The Glory In Which He Is Coming (Psalms 50:3 b).
Our God comes,
And does not keep silence,
Fire devours before him,
And it is very tempestuous round about him.
God is not coming in silence. He is coming to speak openly to His people, whether out of the splendour of Zion as indwelt by Him, or out of His own glorious splendour. And His glory is revealed as being like a mighty storm, with lightning devouring before Him, and a raging tempest swirling around Him. Compare Psalms 19:1. There also He was to be worshipped in ‘the beauty of holiness'.
The vision of God as coming in a raging and violent storm is a regular one in Scripture. E.g. Psalms 18:7; Psalms 19:1; Psalms 97:2; Exodus 19:16; Isaiah 29:6. For God as a consuming fire see Deuteronomy 4:24; Deuteronomy 9:3; Hebrews 12:29.
The Purpose Of His Coming Is To Judge His People (Psalms 50:4).
He calls to the heavens above,
And to the earth, that he may judge his people,
Gather my saints together to me,
Those who have made a covenant with me by sacrifice.

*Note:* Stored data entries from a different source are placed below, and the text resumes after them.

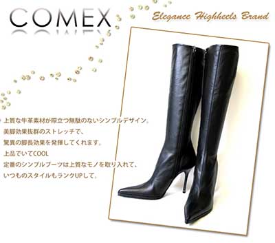 コメックスのロングブーツ・ハイヒールです。牛革でカラーはブラックです。滑らかな本革を使用しており、抜群の品質ならではの手触り。馴染みやすく、すぐに自分の脚にフィットする上質さはさすがCOMEX。ピンヒールも相まって、街を優雅な気分で歩けます。エレガントにもカジュアルにも使い回せるデザイン&上質な素材と丁寧な作りは、長くお履き頂ける1足としておすすめです。ブーツ COMEX ロングブーツ ハイヒールストレッチ ブラック コメックス (5116)【送料無料】【楽ギフ_包装】 靴価格:37,800円(税込、送料込)ハイヒール専門店 BE・MILANOのサイト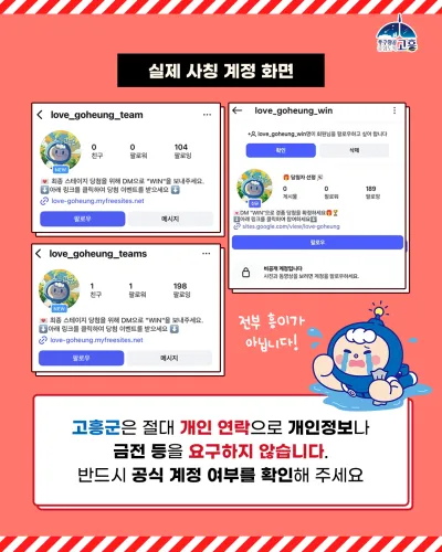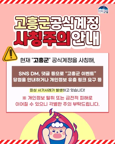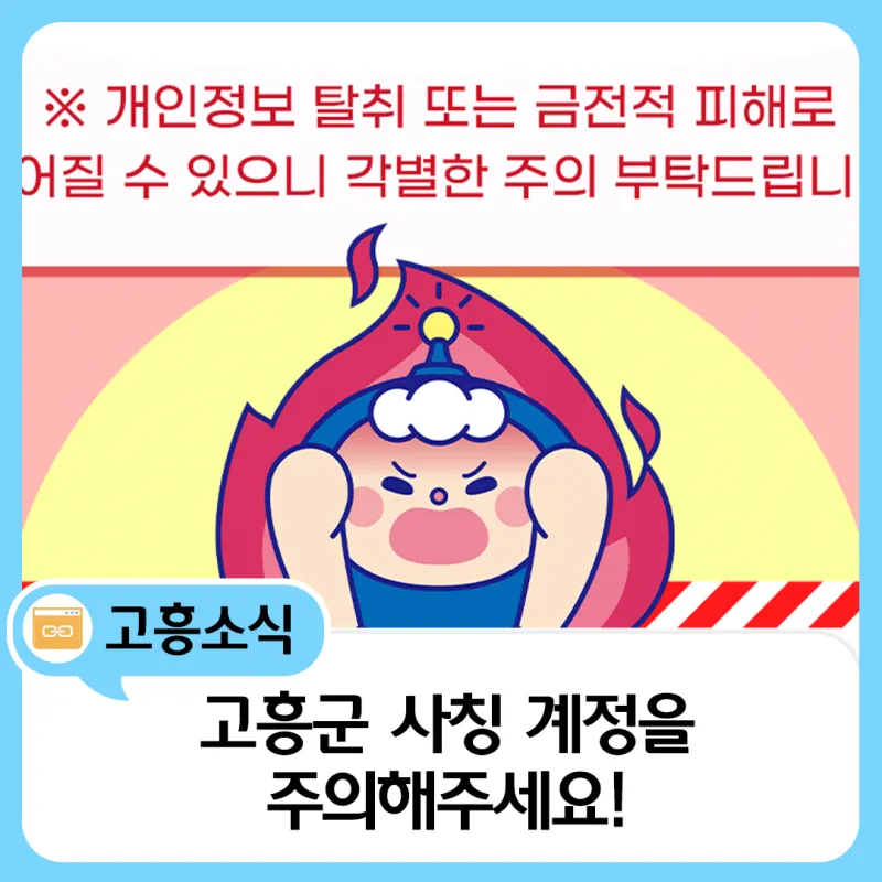 ⚠ 고흥군 공식 계정 사칭 주의 안내 ⚠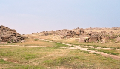 (圖:巖石裸露干旱少雨的烏蘭哈達嘎查)
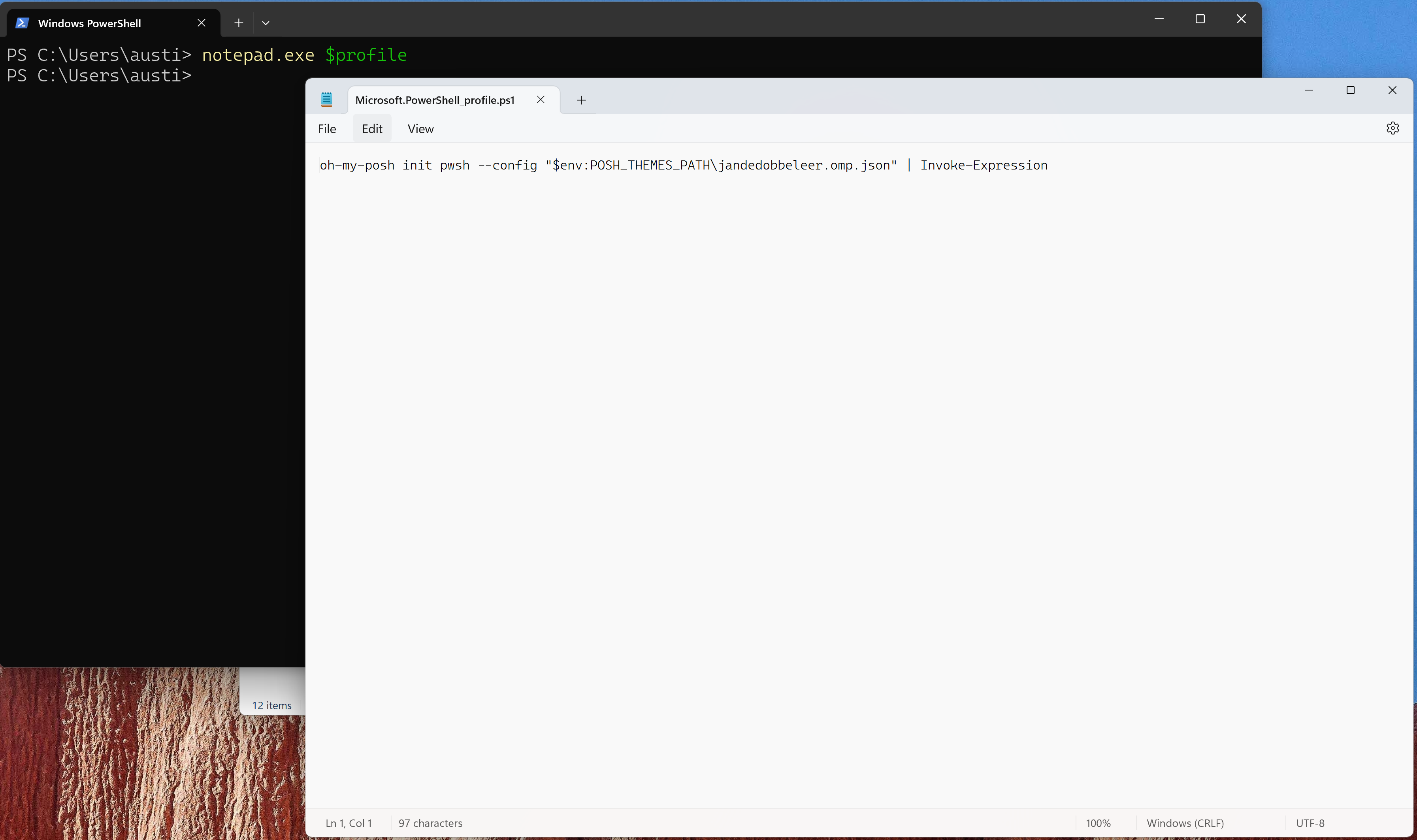 oh-my-posh init pwsh --config "$env:POSH_THEMES_PATH\jandedobbeleer.omp.json" | Invoke-Expression

And the heavens will declare his righteousness,
For God is judge himself. [Selah
It is stressed that He has come to pass judgment on His people. The call to Heaven and earth concerning His judgment of His people is paralleled in Deuteronomy 4:26; Deuteronomy 4:32; Deuteronomy 31:28; Deuteronomy 32:1; Isaiah 1:2. Compare Micah 1:2; Micah 6:1. They, including their inhabitants, are solemn witnesses who have seen all that has happened since creation.
He desires that His people be gathered together, ‘Those who have made a covenant with me by sacrifice'. It is they who made a covenant with Him at Sinai through the blood of the sacrifices (Exodus 24), and are sealed by the blood of the covenant, something which they have ratified since then by continuing sacrifices, and it is they who are being called on to fulfil their responsibilities towards Him. Then the Heavens will declare His righteous judgments, because it is God Himself Who is judging.
The call goes out to gather His ‘saints' together. Note the use of ‘saints' (chasid, who are those on whom He has set His covenant love (chesed)), to signify the true people of God. The call may be addressed to the leaders of the people who normally summoned the assembly, or to the angels in Heaven (compare Matthew 24:31), or to Heaven and earth as a whole, or may simply be a general request indicating His desire that they might be gathered together. Whichever is true what matters is that His true people are to be brought together. They were to some extent brought together during the time of Ezra and Nehemiah, and in the inter-testamental period, when Israel were once again established as a believing people, and it has been most gloriously fulfilled in establishing the believing remnant of Israel who formed the people of the Messiah, who have gradually become known as ‘the church (ekklesia)', having incorporated within them believers in the Messiah from among the Gentiles. They are now the true Israel.
‘And the heavens will declare his righteousness.' This may be stressing that because God is the judge, it is the Heavens and not earth who will declare His righteous judgment, or it may be indicating that the Heavens will confirm the righteousness of the Judge, because the Judge is God Himself. Either way the judgment can be seen as just and righteous.